About this task
Copy each line below word for word and drop every image.

**** Recorded data

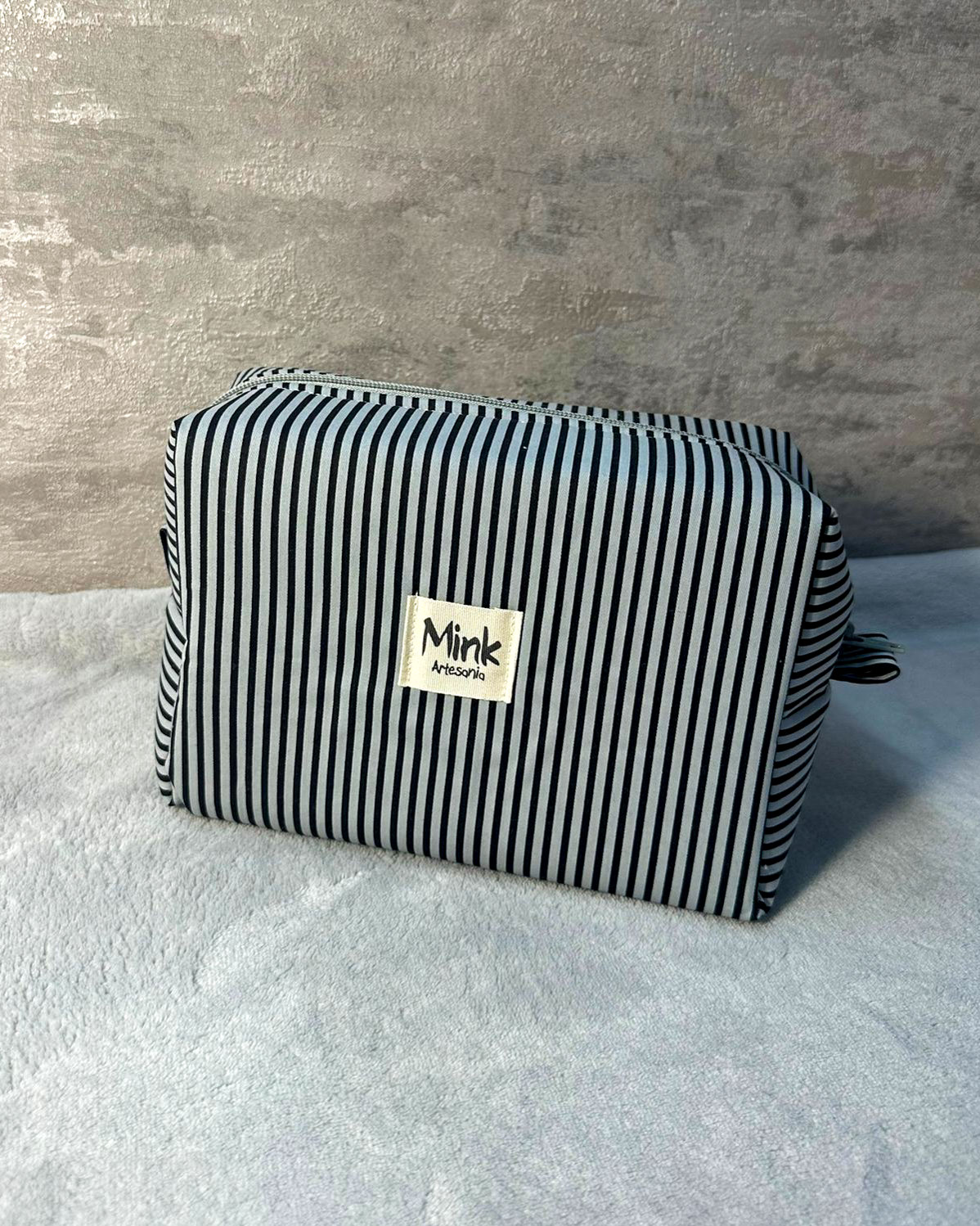 Neceser rayado en tonos bicolor beige y negro, elegante y versátil, ideal para mantener tus esenciales siempre organizados. Fabricado con materiales resistentes y de fácil limpieza. Su tamaño compacto permite llevarlo cómodamente en cualquier bolso o maleta. Perfecto para viajes, gimnasio o uso diario.
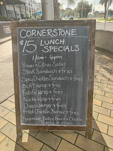 Read moreTried to eat there but couldn't as no one would take our order. After waiting at the gate for a couple of minutes, we went and got our own table in the waitress' eye sight so she would see us. 15mins later she still hadnt stopped talking to the one other table of people in entire place. Politely said hello a couple of times to her, and we waved our arms frantically to get her attention, but she would just look at us and keep talking to her friends. So we got up and left, then she acted shocked that we were leaving? Very weird. No wonder all the other open restaurants were full and corner stone only had one table of people as this particular waitress obviously refuses to serve people she...
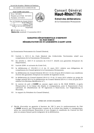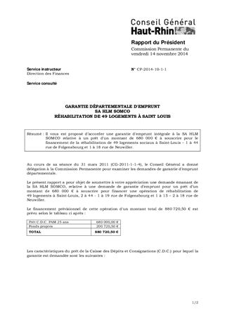 GARANTIE DÉPARTEMENTALE D'EMPRUNT SA HLM SOMCO RÉHABILITATION DE 49 LOGEMENTS À SAINT LOUIS
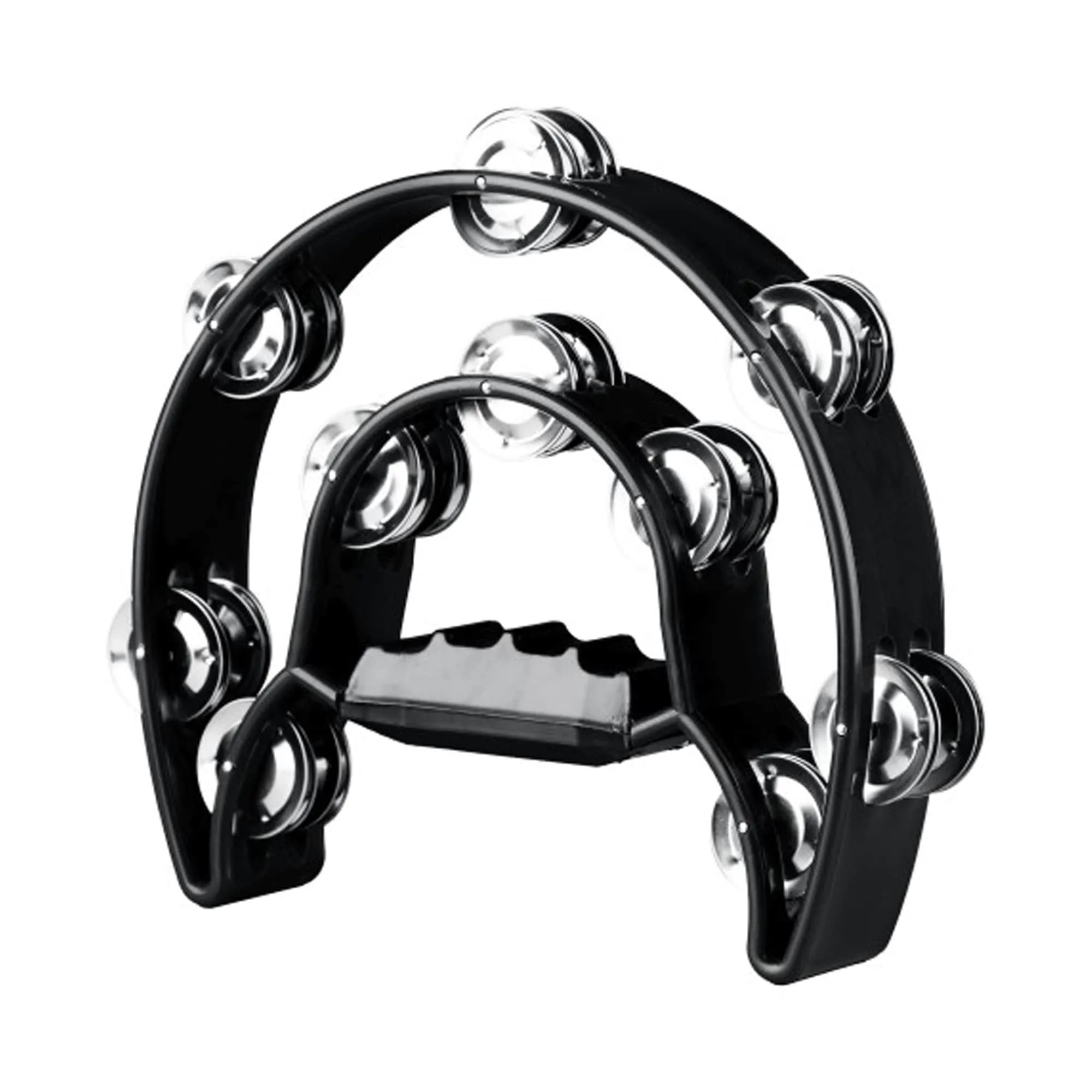 A pandeirola meia-lua é um instrumento de percussão ergonômico, em formato semicircular, com corpo de plástico resistente (ABS/policarbonato) e platinelas de inox, ideal para ritmos como samba, pagode e pop.

********

Exercise answer
 Neceser rayado en tonos bicolor beige y negro, elegante y versátil, ideal para mantener tus esenciales siempre organizados. Fabricado con materiales resistentes y de fácil limpieza. Su tamaño compacto permite llevarlo cómodamente en cualquier bolso o maleta. Perfecto para viajes, gimnasio o uso diario.
 Read moreTried to eat there but couldn't as no one would take our order. After waiting at the gate for a couple of minutes, we went and got our own table in the waitress' eye sight so she would see us. 15mins later she still hadnt stopped talking to the one other table of people in entire place. Politely said hello a couple of times to her, and we waved our arms frantically to get her attention, but she would just look at us and keep talking to her friends. So we got up and left, then she acted shocked that we were leaving? Very weird. No wonder all the other open restaurants were full and corner stone only had one table of people as this particular waitress obviously refuses to serve people she...
 GARANTIE DÉPARTEMENTALE D'EMPRUNT SA HLM SOMCO RÉHABILITATION DE 49 LOGEMENTS À SAINT LOUIS
 A pandeirola meia-lua é um instrumento de percussão ergonômico, em formato semicircular, com corpo de plástico resistente (ABS/policarbonato) e platinelas de inox, ideal para ritmos como samba, pagode e pop.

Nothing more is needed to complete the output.